Kehadiran Danyon 700 menjadi titik klarifikasi atas video viral yang sebelumnya memperlihatkan seorang pria mengaku sebagai anggota TNI dari Batalyon Infanteri 700 Raider Wira Yudha Sakti, jajaran Kodam XIV/Hasanuddin.
“Saya Komandan Batalyon Infanteri 700 Wira Yudha Sakti, Kodam XIV/Hasanuddin. Pada kesempatan ini saya akan mengklarifikasi terkait adanya video yang beredar di beberapa media sosial yang menyebutkan bahwa ada oknum anggota kami yang terlibat dalam kerusuhan pada kegiatan demonstrasi di depan Universitas Muslim Indonesia pada tanggal 24 April 2026,” ujar Letkol Inf Iwan yang dikutip melalui video klarifikasi yang diterima redaksi matanusantara.co.id, Sabtu (25/04)
Penegasan disampaikan secara lugas bahwa pria dalam video tersebut bukan bagian dari institusi TNI.
“Saya tegaskan bahwasanya personel tersebut bukan anggota kami. Dan saat ini kami sedang bersama yang bersangkutan atas nama saudara Syuaib yang akan menjelaskan tentang kronologi bagaimana kejadian pada malam tanggal 24 April 2026 kemarin. Silakan,” tegasnya.

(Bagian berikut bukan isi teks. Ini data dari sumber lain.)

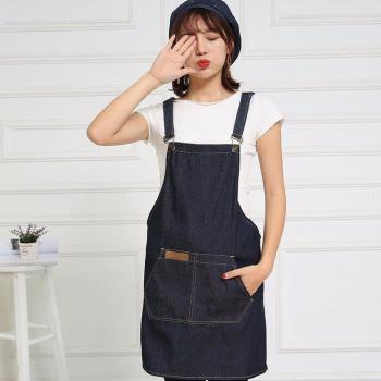 Delantal de tela vaquera impermeable con cordones Unisex, delantal de almacenamiento de limpieza, para restaurante, Hotel, cafetería, panadería, barbería, Chef, camarero, delantal de trabajo
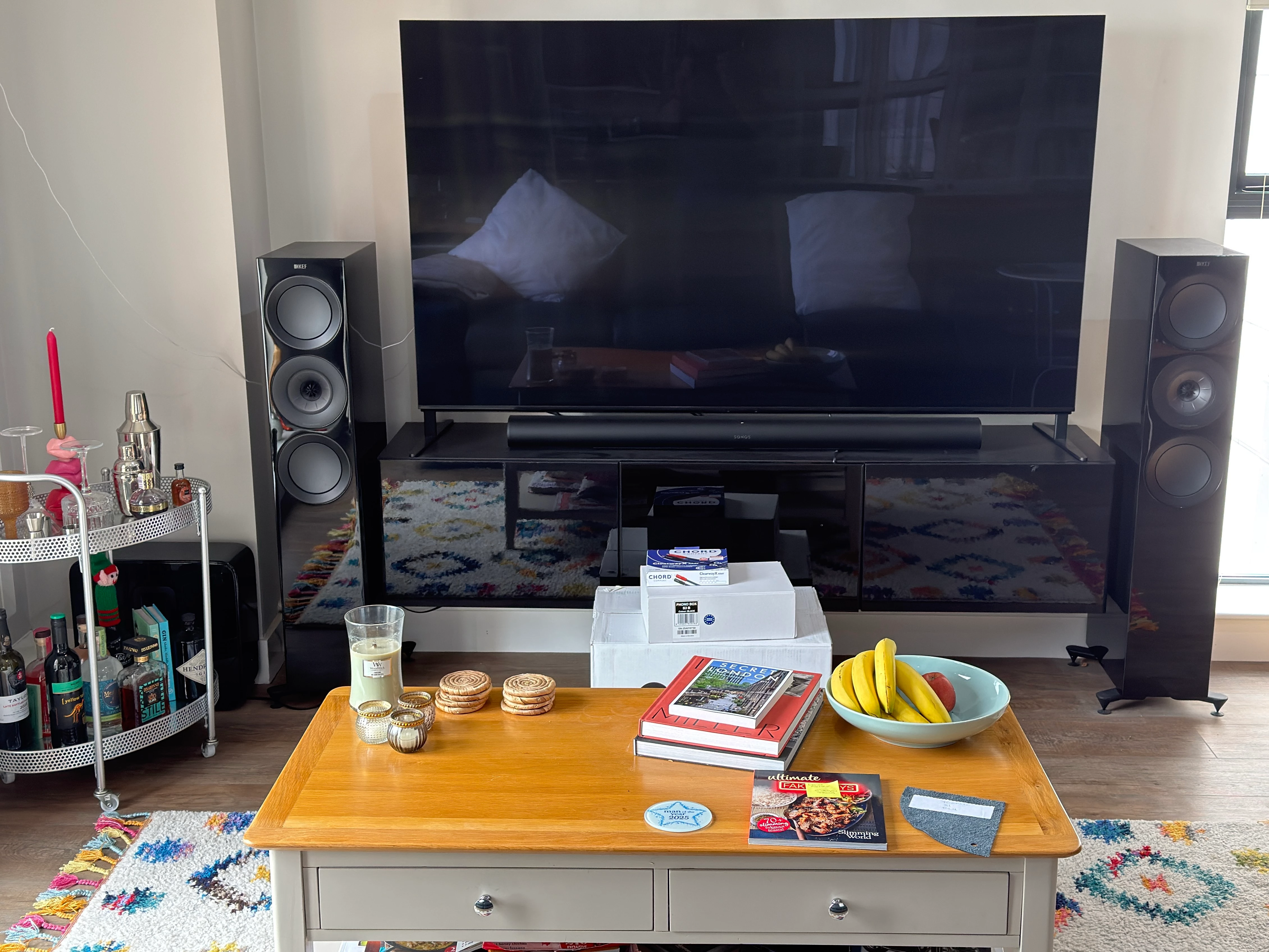 TV and Arc in process of being wall mounted, desk size reduced and Sofa moving back about 1/2M

Pengakuan Syuaib kemudian menjadi titik balik yang menggeser arah isu. Ia menegaskan dirinya hanyalah warga sipil yang berada di lokasi secara kebetulan.
“Assalamualaikum Warahmatullahi Wabarakatuh. Saya atas nama Syuaib ingin mengklarifikasi atau menceritakan kejadian tanggal 24 kemarin. Pada saat itu saya mengunjungi Mall Nipah buat nonton konser. Setelah sampai, saya keluar sembari menunggu artis yang di Mall Nipah. Setelah itu saya keluar buat lihat ada kerumunan di depan UMI (Universitas Muslim Indonesia). Karena itu, saya menuju ke gerbang UMI buat masuk,” ungkapnya
Situasi berubah saat dirinya berada di dalam area kampus dan berhadapan langsung dengan aparat.
“Setelah saya masuk, tidak jauh dari gerbang, sudah didatangi sama Brimob buat diminta identitas. Setelah itu saya kasih identitas, ternyata dia menolak untuk melihatnya serta memaksa saya untuk mengaku sebagai anggota TNI.”
Pernyataan ini menjadi indikasi kuat adanya dugaan penyimpangan prosedur oleh oknum Brimob, khususnya dalam tahapan verifikasi identitas terhadap warga sipil.
Alih-alih melakukan pemeriksaan objektif, aparat justru diduga membentuk pengakuan yang tidak sesuai fakta, yang kemudian berpotensi memicu narasi menyesatkan di ruang publik.
Ia juga menjelaskan bahwa atribut yang dikenakan tidak berkaitan dengan institusi.
“Terkait kaos ini, saya membelinya di Shopee seharga 113 (ribu). Saya membelinya karena rasa cinta kepada TNI Angkatan Darat.” kata Syuaib.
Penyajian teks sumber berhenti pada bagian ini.